Taimpik Ndak Di Ateh Takuruang Ndak Dilua “Nagari Leadership Behavior”

Oleh : Safrudin Nawazir Jambak

Taimpik ndak diateh, takuruang ndak dilua inilah istilah atau pepatah Minangkabau yang banyak mengandung makna, ada yang menterjemahkanya dengan arti negatif bahwa orang minang “galia” atau cerdik, gaji ingin besar tapi kerja sedikit, diajak tidak mau tapi kalau sudah nampak berhasil namanya paling didepan, benarkah demikian?

Menurut ahli sosiologi Universitas Islam negeri Susqo Riau, prof Dr.Alaiddin koto bahwa istilah “taimpik ndak diateh, takuruang ndak dilua” merupakan sebuah teori kepemimpinan di Minangkabau yang sarat makna dan sesungguhnya ilmu menejemenàn modren yang diwariskan oleh peradapan minang tempo dulu.

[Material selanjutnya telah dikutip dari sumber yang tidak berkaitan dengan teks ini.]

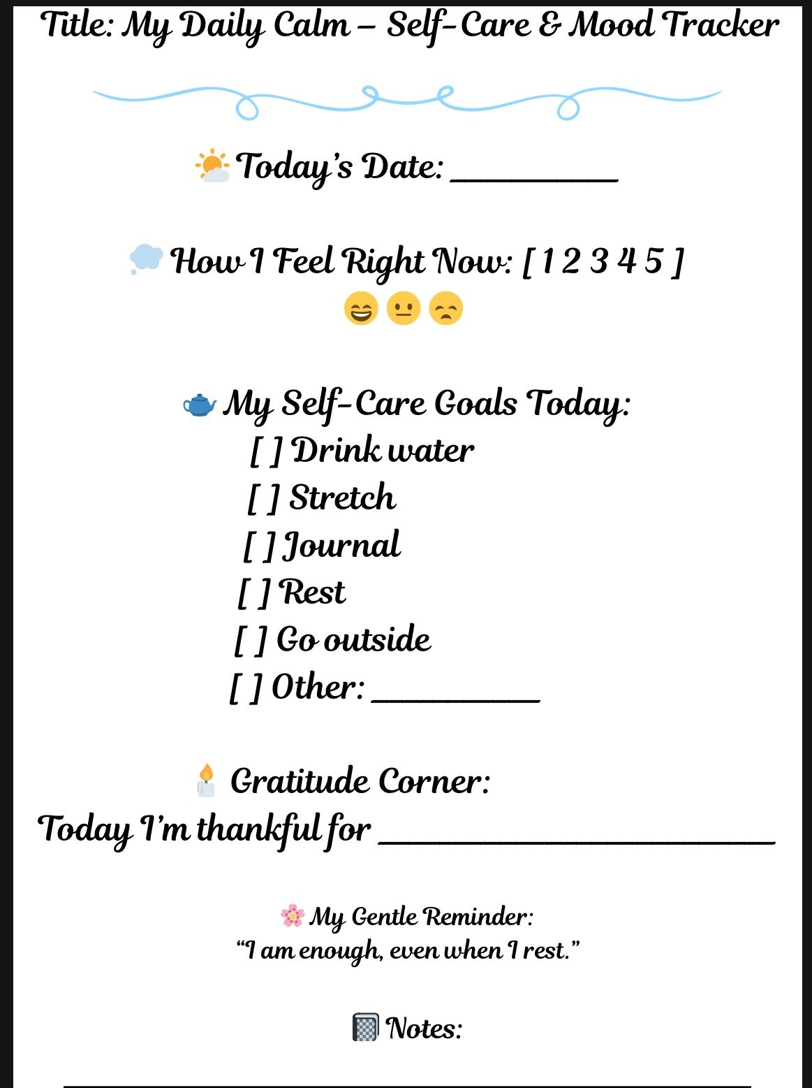 My Daily Calm Tracker is a gentle, one-page printable designed to help you slow down and check in with yourself each day. With simple sections to note your mood, stress level, and calming activities, it encourages mindful reflection without feeling overwhelming.
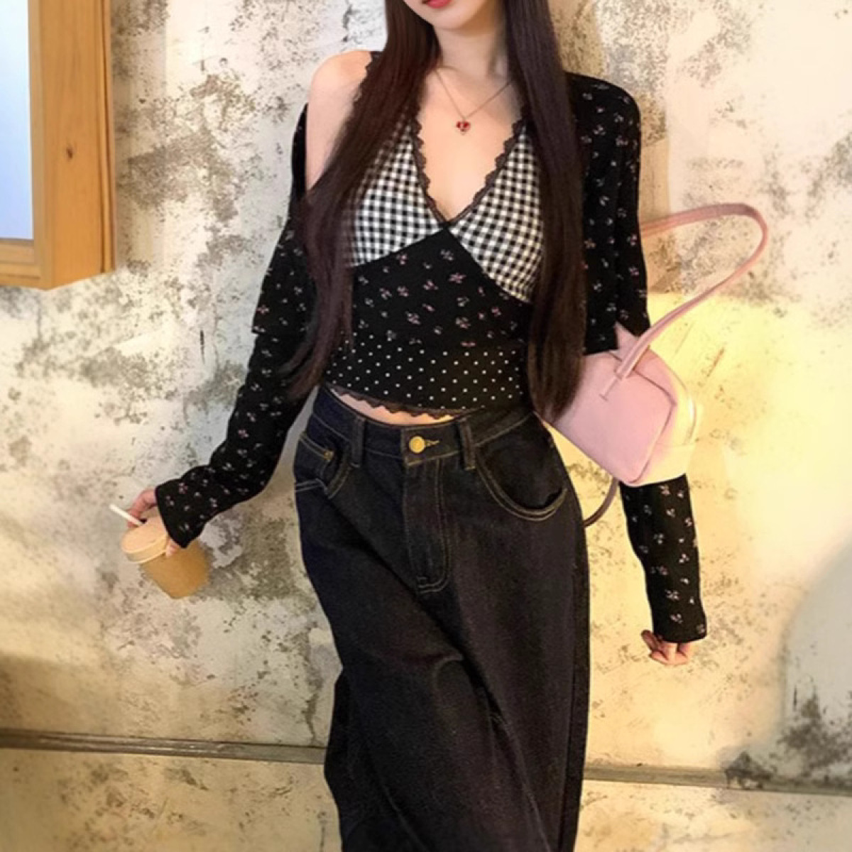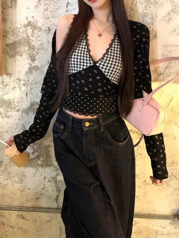 Pattern: Sexy V-neck short top + cardigan two-piece set
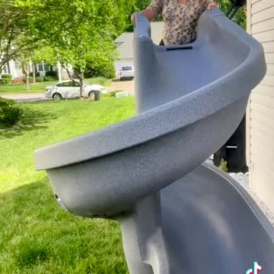 "Mother-in-Law-Breaker" A woman slides down a twisty pool slide saying she is going to be the first one to use it. Then the entire slide tips over and she falls. TikTok.
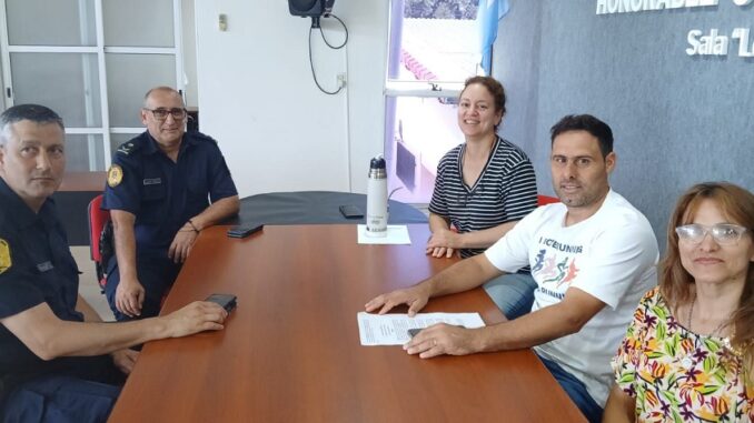 Esta mañana, la Presidente Municipal Vanina Perini, junto a los concejales Mauro Borget, Marta Busatto, y el secretario de Gobierno, Diego Cortiana, mantuvieron una reunión con autoridades de la Jefatura de Policía del Departamento Federación, en la Sala “Lorenzo Malgarín” del HCD de la Municipalidad de Villa del Rosario.
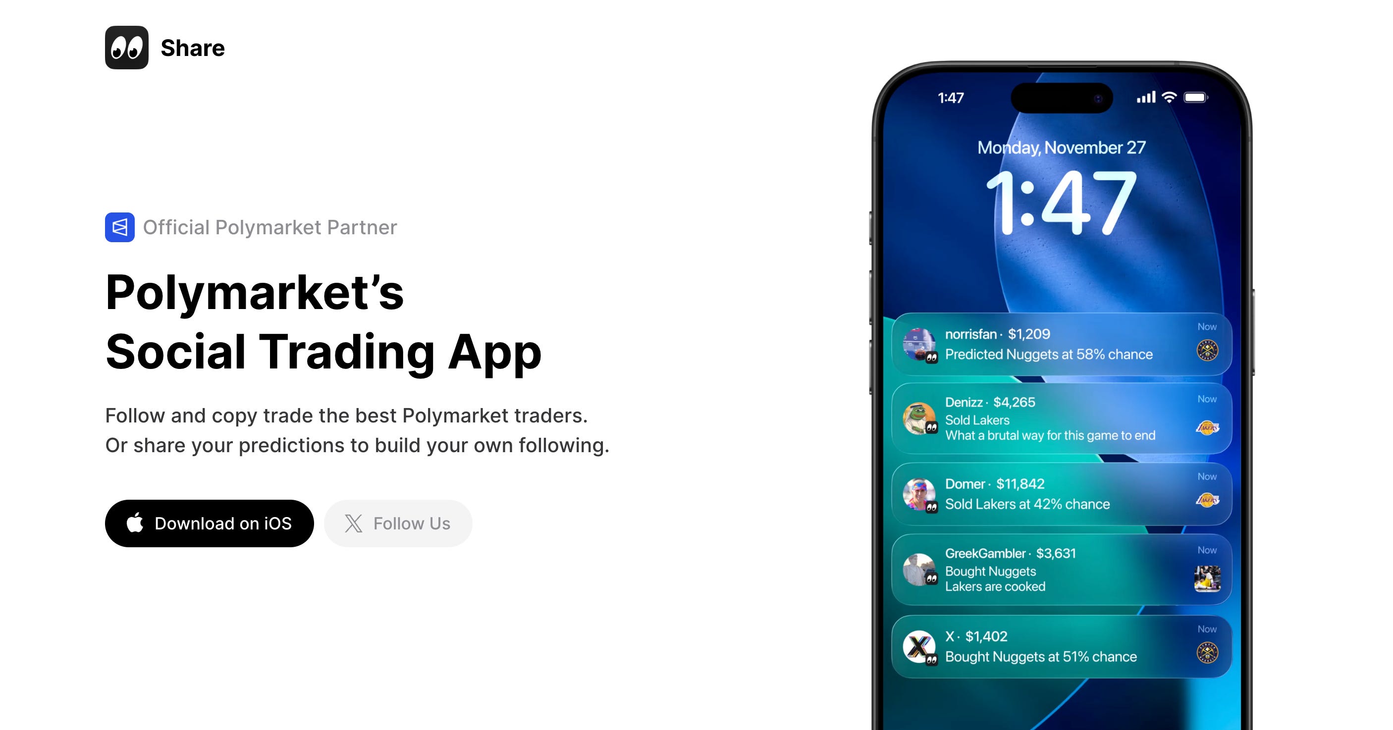 【Share】Polymarket公式パートナーのソーシャルトレーディングアプリ / コピー取引で報酬を得る新しい仕組み / 予測市場に「SNSレイヤー」をつける試み / @sharedotxyz

Apa arti taimpik ndak diateh dan takuruang ndak dilua  sesungguhnya?

Kenapa dikatakan mengandung makna teori kepemimpinan, karna makna dari “taimpik ndak diateh” adalah bahwa seorang pemimpin pada hakekatnya memang diatas para masyarakat yang dipimpin tetapi dengan seni dan kerendahan hatinya mampu menciptakan suana masyarakat tidak meresa dibawah malah merasa disanjung ke atas, rakyat dihimpit dengan berbagai kebijakan dan arahan tetapi rakyat merasa tersanjung.

“Takuruang ndak dilua” bukan berarti makna paradoks dimana siapapun memahami bahwa kalau terkurung sudah pasti didalam, tidak diluar. Namun artinya takuruang ndak dilua mengndung makna sebuah metode kepemimpinan dimana masyarakat dikurung dengan berbagai aturan oleh seorang pemimpin, rakyat dikurung dengan berbagai kesepakatan tetapi mereka tidak merasa terpaksa.

Disinilah kunci rahasia menejemen modren kepemimpinan minang kabau dimana seorang pemimpin harus mampu menanamkan rasa memiliki/sense of belonging.

Dimanapun seorang pemimpin, baik pemimpin formal apalagi pemimpin non formal, ilmu TND-TND ini sangatlah relevan diterapkan jika ingin sukses menjadi pemimpin, seni kepemimpinan ini penting guna melahirkan suatu model kepemimpinan kharismatik.

Sehebat apapun seorang pemimpin, apabila tidak mampu menjaga akhlakul karimah maka alamat tak akan lama bisa memipin/tidak langgeng karna loyalitas orang yang dipimpin akan segera luntur seiring keegoan, kesombongan dan sikap tinggi hati pemimpin.

Maka pepatah Minang yang berbunyi “manyahuak aia d ilia-ilia, bakato dibawah-bawah” bermakna sikap tawadu’ dan kerendahan hati seseorang dalam berucap dan bersikap.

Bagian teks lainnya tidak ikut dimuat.